According to Drucker (1995) globalization has developed from international trade. Friedman (2000) stated that the world has become progressively interwoven. He further states that globalization is “the inexorable integration of markets, nation-states and technologies to a degree never witnessed before in a way that is enabling individuals, corporations and nation-states to reach around the world further, deeper and cheaper than ever before” (p. 9).

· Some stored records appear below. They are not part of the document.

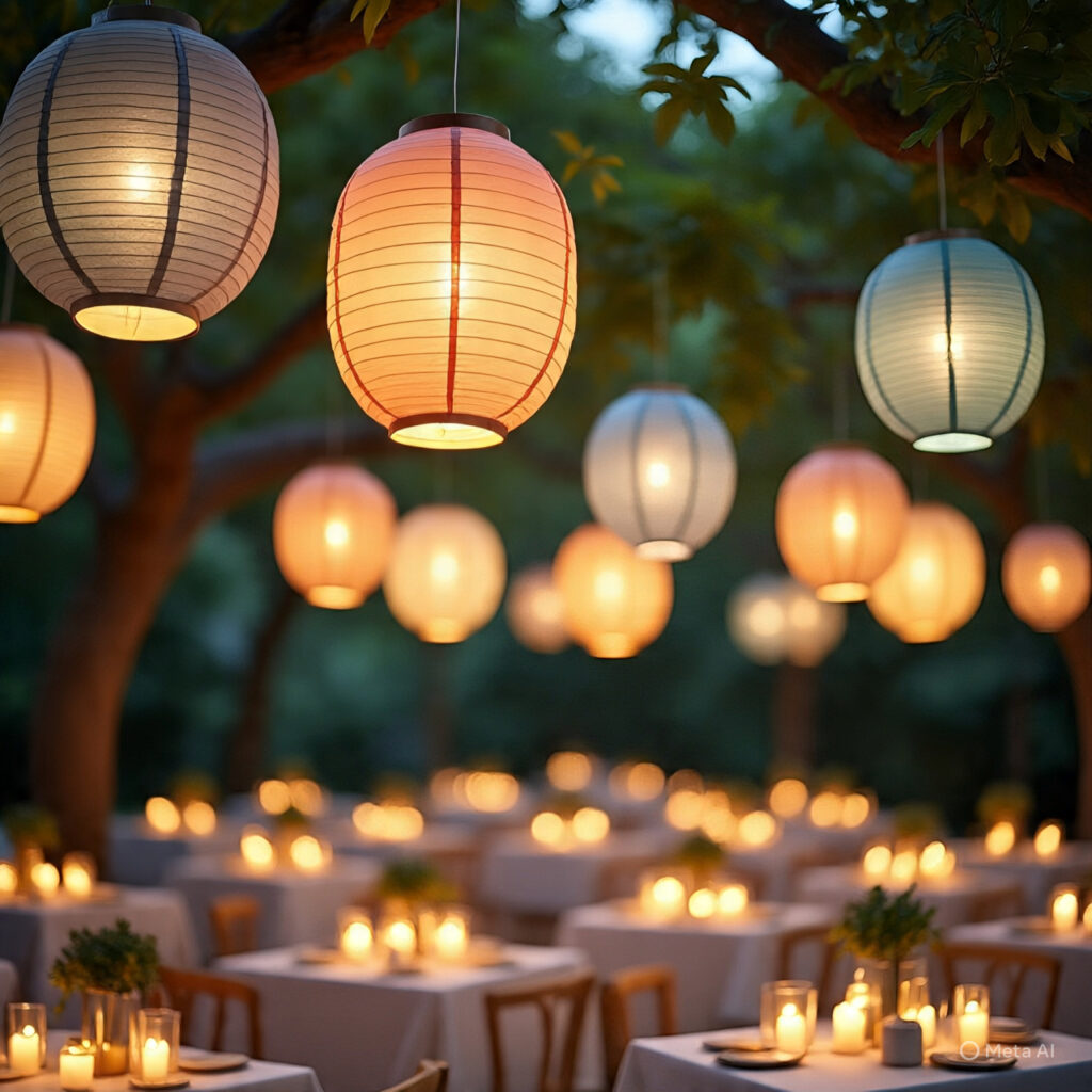 Paper or fabric lanterns in metallic or pastel shades look stunning hanging above the party space, especially outdoors.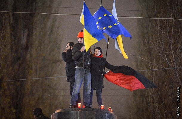 Участники акции в поддержку евроинтеграции Украины стоят на постаменте памятника Ленину, снесенного ими на Бессарабской площади в центре Киева.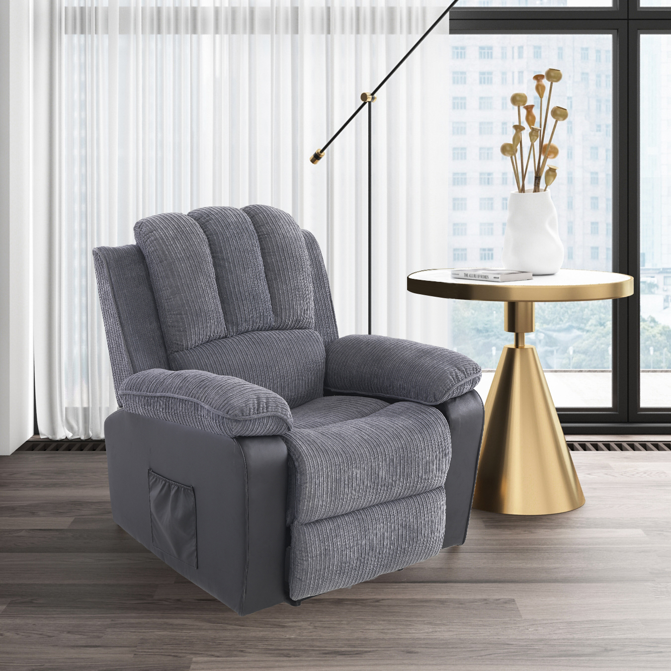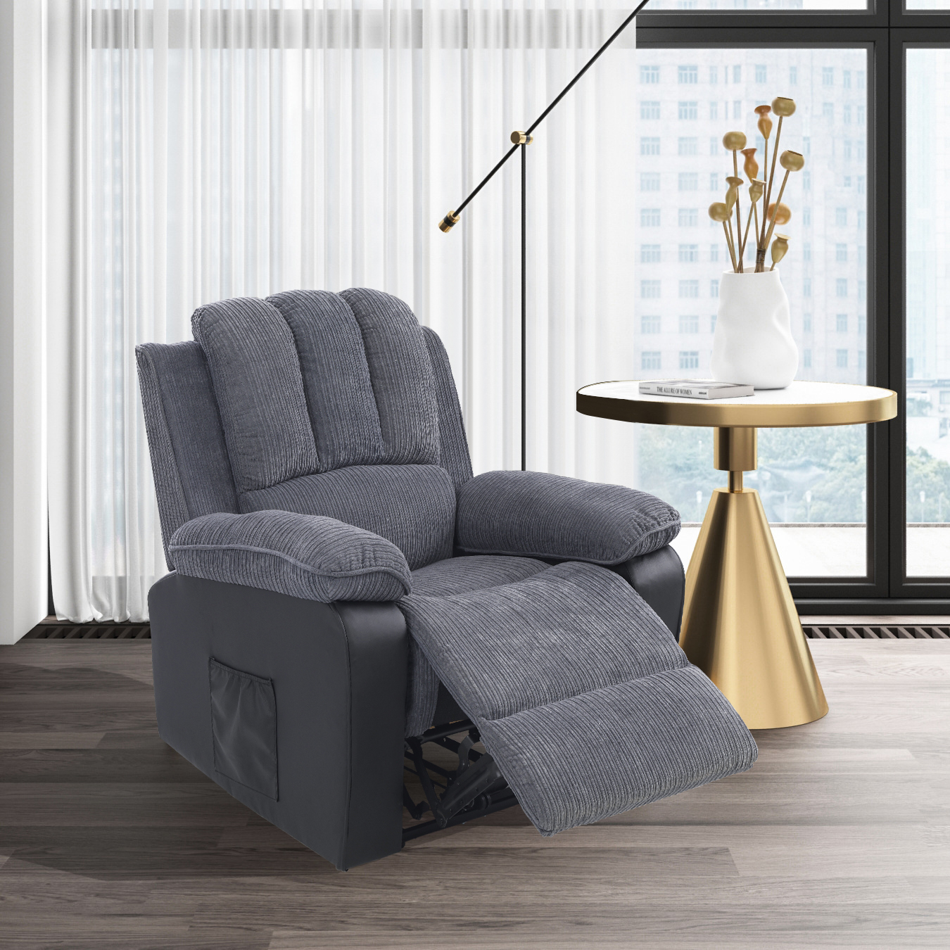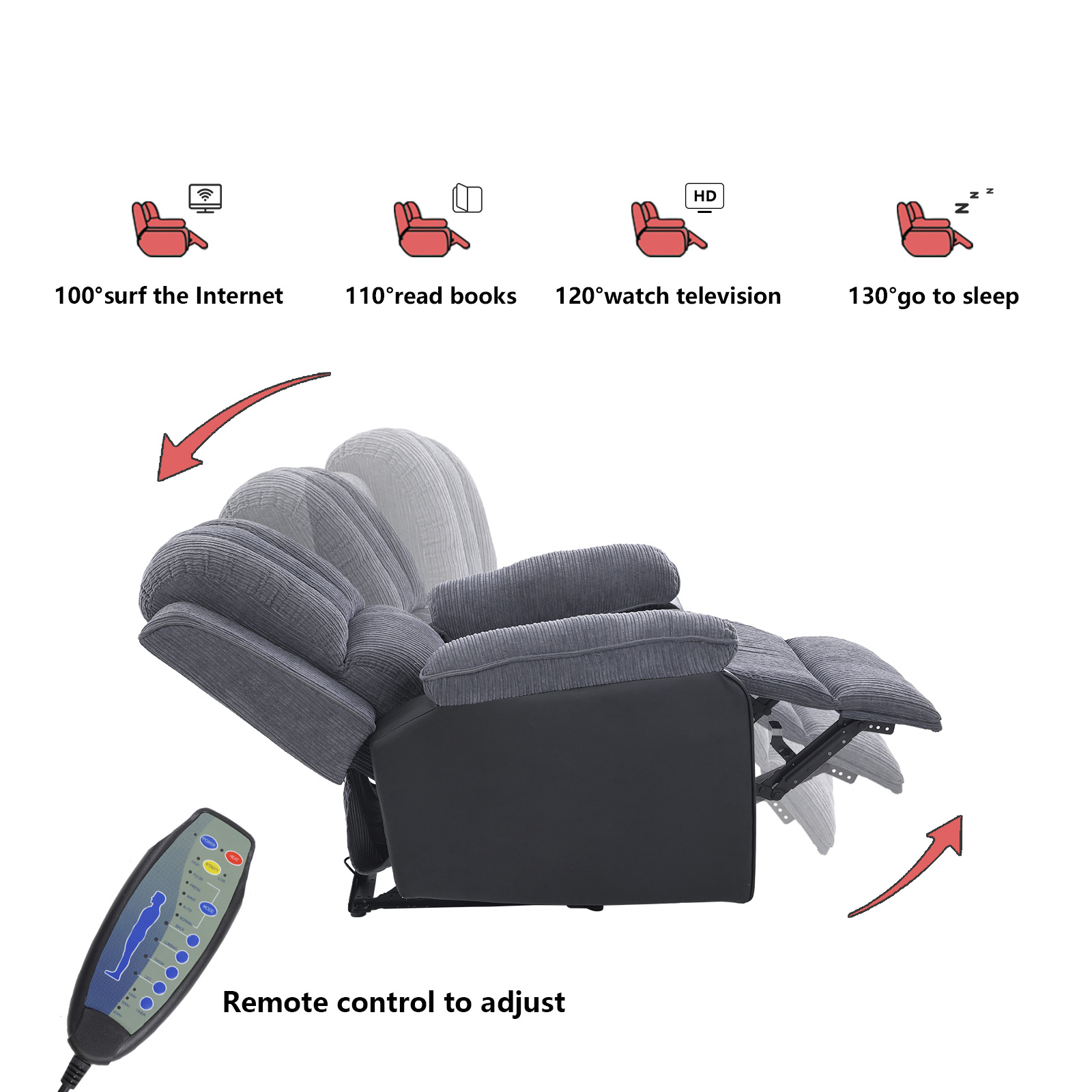 [Vibration massage + heating function]: The entire electric reclining chair has 8-point massage + heating function. The 8-point massage is distributed at 2 points above the backrest + 2 points below the backrest + 2 points in front of the cushion + 2 points at the footrest, there are five different The intensity adjustment of the gears brings you a comfortable body massage, and when you come home from a busy day, you can feel the best relaxation experience for your back, lumbar spine, thighs and calves. You can also use our attached massage remote control to adjust the time you need to massage, he can set 15 minutes, 30 minutes, 60 minutes respectively. Lots of options to bring convenience to your life! The heating is performed at two points under the back, and the heating is performed at the same time as the massage at the two points under the back, or it can be performed separately. 【High-quality fabrics】: We use high-quality high-density corduroy fabrics and black pu artificial leather fabrics to make products. We take a lot of small details in our sampling, which can make you sit very comfortable and guarantee to give You bring a different experience! 【The backrest can be adjusted freely】: We also have a hand controller for adjusting the backrest, which is equipped with a motor with slight noise, which allows the backrest to be freely tilted from 90° to 130°, you can remotely control the TV or read books, Adjust it to your liking and use it while you nap! You can relax your body and mind at the same time and spend a good leisure time. 【Ergonomic Design】: Our engineering reclining chair that perfectly fits the human body curve design can effectively improve your whole body pressure. This is very suitable for the elderly. Hurry up and buy one for the elders. Bar! [Stable support + durable]: Our wooden frame structure is made of high-quality and sturdy horizontal slats + multi-layer boards + cardboard, and the seat frame and back frame also have S bow springs that pull up and 5 cm rubber bands that pull up, very It is firm and the bearing capacity is as high as about 330 pounds, which can be better durable, and obese partners do not need to worry, the safety guarantees that we check every layer, you can buy it with confidence. [Thickened armrests and backrests]: Our armrests and backrests are filled with high-density native doll cotton and native cotton + spring packs, with good resilience and no need to worry about quality. We are a company that pursues quality. Company, we check, you can rest assured! [European and American styles are widely applicable]: The gray chaise longue is stylish, simple and simple, and can be applied to various environments, such as bedrooms, living rooms, study rooms, offices...many places. 【Extra Footrest + Side Pockets】: We also have a comfortable extended footrest, which can be adjusted in translation along with the backrest, allowing your legs to have a comfortable experience of relaxing muscles. The included side pocket can be installed in the motor of the product, which is very convenient, and the remote control can also be put in. 【Easy to install + buy with confidence】: All mounting hardware is included in the package, no additional tools are required. Easy to assemble with detailed installation instructions, detailed instructions to help you install in 15 minutes! If you don't understand, you can contact us, we will be happy to help you. All our products are guaranteed quality and rest assured to buy!

All this is conducted through government trade agreements and communities, global organizations, multinational enterprises and cross-border alliances through joint ventures, international mergers and acquisitions. Even though, most nations of the world are part of the WTO, which has advocated for and embraced globalization, the world is only partially globalized (Schaeffer, 2003). After the significant gains of the 1990s, the cross-border flows necessary to sustain a global economy continues falling; and fewer than ten percent of the world are actively participating in the consumption of global goods and services (Schaeffer, 2003).

The meaning of this word has resulted in ambiguous positions and interpretations in different ways. Some authors have associated this term only to the economic sphere, considering a process involving several national economies into one global economy. But others agree that globalization is present in the technological activity, commercial, cultural and social, among other areas.

The truth is that the complexity of this has forced entrepreneurs to undertake new challenges to attract other customers. The emergence of globalization is a process that has been developing hand in hand with development of communications and technology.

According to the Real Academia, globalization is "the tendency of markets and businesses to increase, reaching a global dimension which transcends national borders." (Schaeffer, 2003, pp 25-185) Some people have objected to the benefits of this process, justifying this phenomenon favors only the most developed economies and countries. Others however, see it as a paradigm shift in which we can now link them in real time with a person who is the other side of the world.

Aim of the study

The main objective of this study is to analyze the impact of globalization on international business.

Literature Review

Globalization has been evolved from international trade, as it was called by Drucker in 1995. The global economy is now facilitated by trade agreements for various regions of the world, such as North America Free Trade Agreement (NAFTA), the Caribbean Community (CARICOM), and the European Community (EC); Multinational Enterprises (MNEs), mergers, acquisitions and joint ventures across borders, and where the global economy is comprised of the flow of goods, services, people, money, information and ...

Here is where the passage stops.